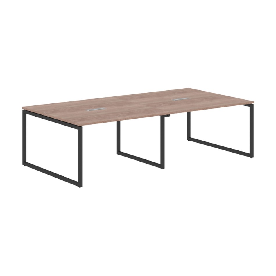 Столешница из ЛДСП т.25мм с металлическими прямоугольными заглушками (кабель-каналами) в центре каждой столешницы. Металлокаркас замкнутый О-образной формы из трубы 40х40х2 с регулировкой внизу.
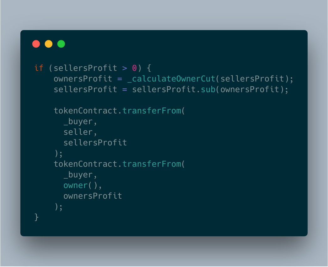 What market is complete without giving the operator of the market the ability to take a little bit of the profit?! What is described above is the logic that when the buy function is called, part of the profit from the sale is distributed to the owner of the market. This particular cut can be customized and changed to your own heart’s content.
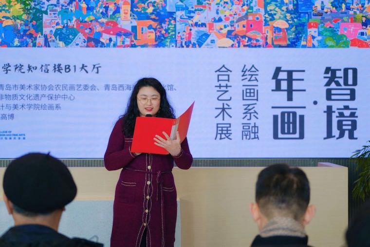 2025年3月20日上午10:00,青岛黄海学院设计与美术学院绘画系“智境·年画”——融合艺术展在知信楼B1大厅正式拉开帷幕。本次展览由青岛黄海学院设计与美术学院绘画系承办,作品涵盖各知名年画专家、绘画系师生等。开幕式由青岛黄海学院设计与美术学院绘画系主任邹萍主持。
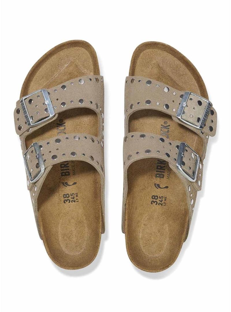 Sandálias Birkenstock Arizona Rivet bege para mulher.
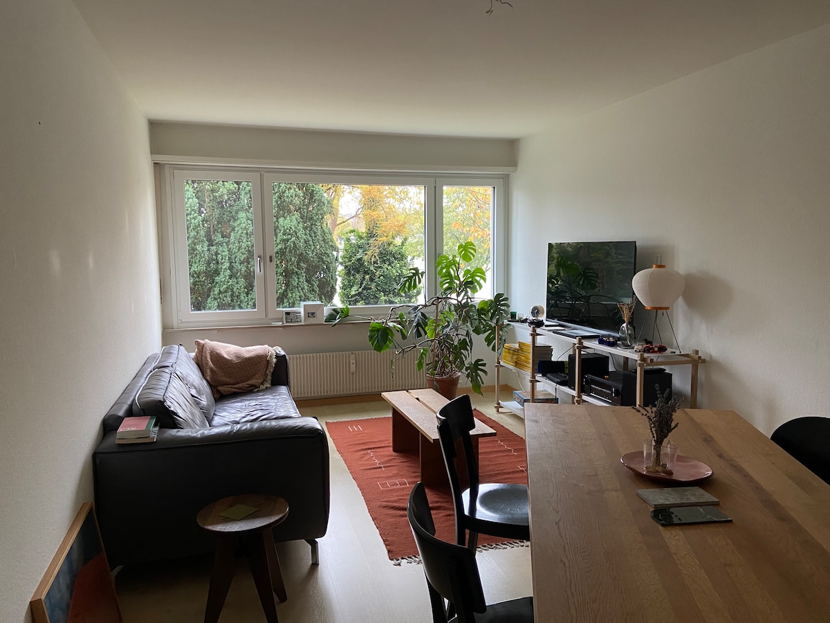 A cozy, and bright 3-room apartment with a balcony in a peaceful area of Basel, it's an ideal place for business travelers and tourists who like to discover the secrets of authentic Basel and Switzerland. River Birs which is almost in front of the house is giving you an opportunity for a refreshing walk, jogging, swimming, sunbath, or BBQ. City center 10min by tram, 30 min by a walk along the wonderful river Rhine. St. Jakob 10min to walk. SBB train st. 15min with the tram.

******************************

*Work order*: Output everything in the records above word for word, but not the pictures.

*Answer space*:
 Столешница из ЛДСП т.25мм с металлическими прямоугольными заглушками (кабель-каналами) в центре каждой столешницы. Металлокаркас замкнутый О-образной формы из трубы 40х40х2 с регулировкой внизу.
 What market is complete without giving the operator of the market the ability to take a little bit of the profit?! What is described above is the logic that when the buy function is called, part of the profit from the sale is distributed to the owner of the market. This particular cut can be customized and changed to your own heart’s content.
 2025年3月20日上午10:00,青岛黄海学院设计与美术学院绘画系“智境·年画”——融合艺术展在知信楼B1大厅正式拉开帷幕。本次展览由青岛黄海学院设计与美术学院绘画系承办,作品涵盖各知名年画专家、绘画系师生等。开幕式由青岛黄海学院设计与美术学院绘画系主任邹萍主持。
 Sandálias Birkenstock Arizona Rivet bege para mulher.
 A cozy, and bright 3-room apartment with a balcony in a peaceful area of Basel, it's an ideal place for business travelers and tourists who like to discover the secrets of authentic Basel and Switzerland. River Birs which is almost in front of the house is giving you an opportunity for a refreshing walk, jogging, swimming, sunbath, or BBQ. City center 10min by tram, 30 min by a walk along the wonderful river Rhine. St. Jakob 10min to walk. SBB train st. 15min with the tram.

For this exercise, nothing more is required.